* **Data provided**:
---
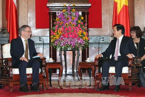 QĐND - Ngày 23-10, tại Phủ Chủ tịch, Chủ tịch nước Trương Tấn Sang đã tiếp Bộ trưởng Ngoại giao Cộng hòa Séc Lu-bô-mi-rơ Gia-ô-ra-lếch (Lubomir Zaoralek) đang thăm chính thức Việt Nam.
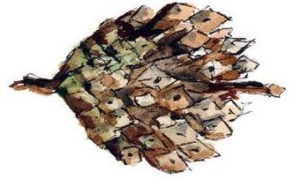 Men jag måste ändå höja några varningens fingrar här. Detta är inget man ger barnen på frukostmackan eller lägger i pannkakstårtan när någon fyller fem. Detta är en vuxen smak, som jag skulle säga passar utmärkt till goda ostar eller på en liten snitt, kanske med något skogigt på. Det är en upplevelse att testa, men man behöver inte ha femtio burkar på lager i källaren och äta med sked. Bäst är att plocka kottarna i början av maj, och bara för att vara väldigt tydlig: Om du inte har en sju meter hög stege och vill klättra upp i en tall, så är det bergstallen du ska plocka kottar från. Då kan man stå på marken och plocka kottarna, noll sport! Det är alltså inte ett litet japanskt bonsaiträd jag har målat på bilden, utan en variant på en bergstall. Kottarna ska vara små och gröna, 1–3 cm stora.
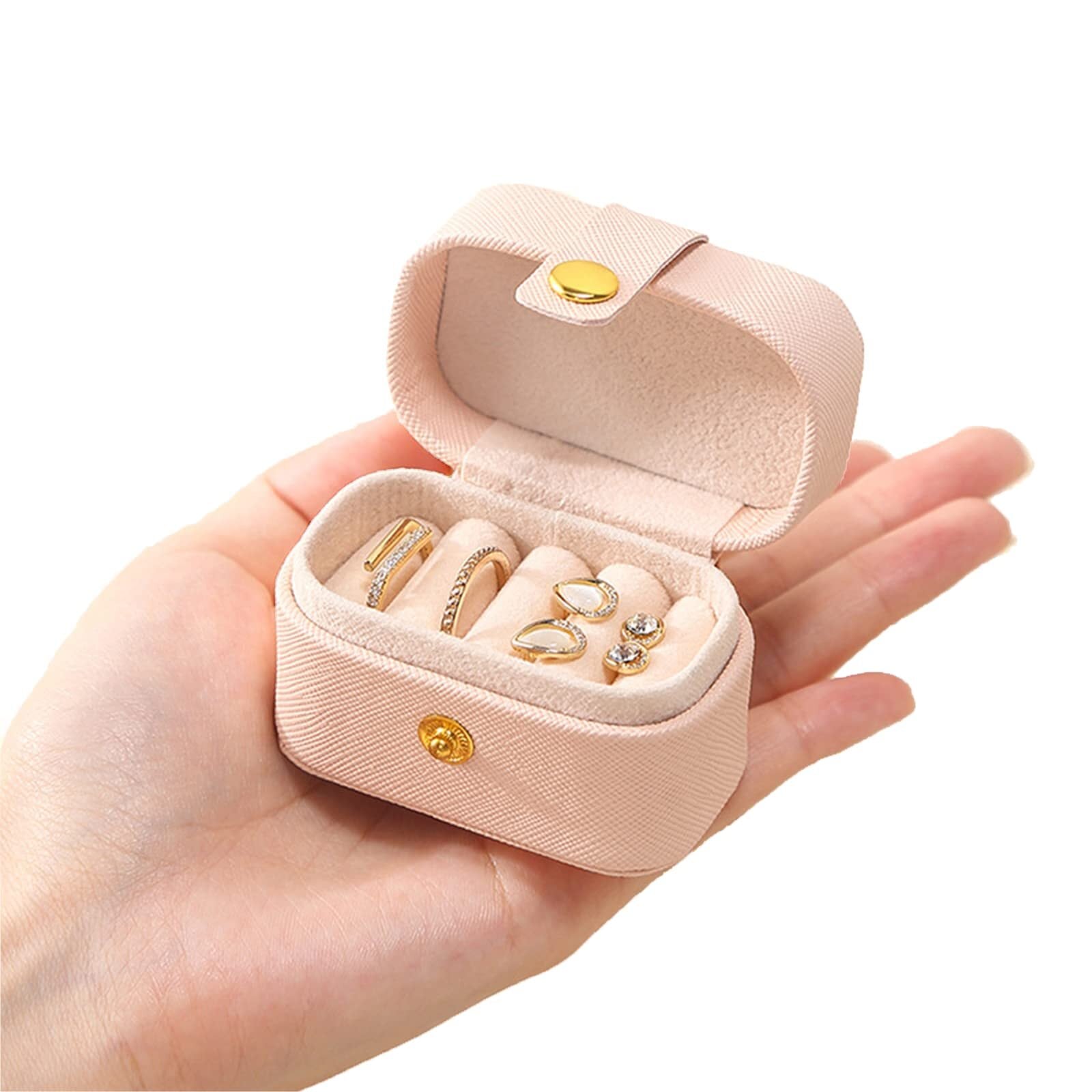 IM-Doiry ミニジュエリーボックス 携帯用 小箱 持ち運び コンパクト ジュエリー 宝石箱 ジュエリー収納 アクセサリーケース 小物入れ 指輪 ピアスケース 旅行 出張 (ピンク)
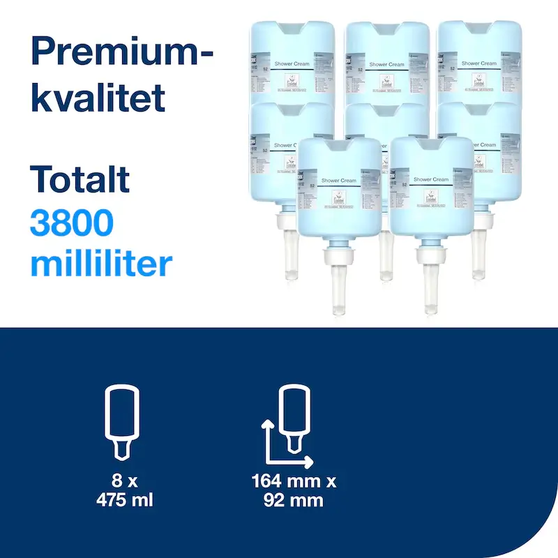 Tork Flytande Duschcreme Mini S2 är utvecklad för professionella och offentliga miljöer där god hudvård är viktigt. Den skonsamma, snabbtorkande formulan fungerar i alla Tork Dispensrar Flytande Tvål Mini som är Easy to use-certifierade, vilket gör duschcremen enkel att använda för alla användare.
---
* **Action item**: Only the lines from where the data begins to the line with "Men jag måste", both of them included, should be reproduced word for word; no pictures.

* **Written solution**:
 QĐND - Ngày 23-10, tại Phủ Chủ tịch, Chủ tịch nước Trương Tấn Sang đã tiếp Bộ trưởng Ngoại giao Cộng hòa Séc Lu-bô-mi-rơ Gia-ô-ra-lếch (Lubomir Zaoralek) đang thăm chính thức Việt Nam.
 Men jag måste ändå höja några varningens fingrar här. Detta är inget man ger barnen på frukostmackan eller lägger i pannkakstårtan när någon fyller fem. Detta är en vuxen smak, som jag skulle säga passar utmärkt till goda ostar eller på en liten snitt, kanske med något skogigt på. Det är en upplevelse att testa, men man behöver inte ha femtio burkar på lager i källaren och äta med sked. Bäst är att plocka kottarna i början av maj, och bara för att vara väldigt tydlig: Om du inte har en sju meter hög stege och vill klättra upp i en tall, så är det bergstallen du ska plocka kottar från. Då kan man stå på marken och plocka kottarna, noll sport! Det är alltså inte ett litet japanskt bonsaiträd jag har målat på bilden, utan en variant på en bergstall. Kottarna ska vara små och gröna, 1–3 cm stora.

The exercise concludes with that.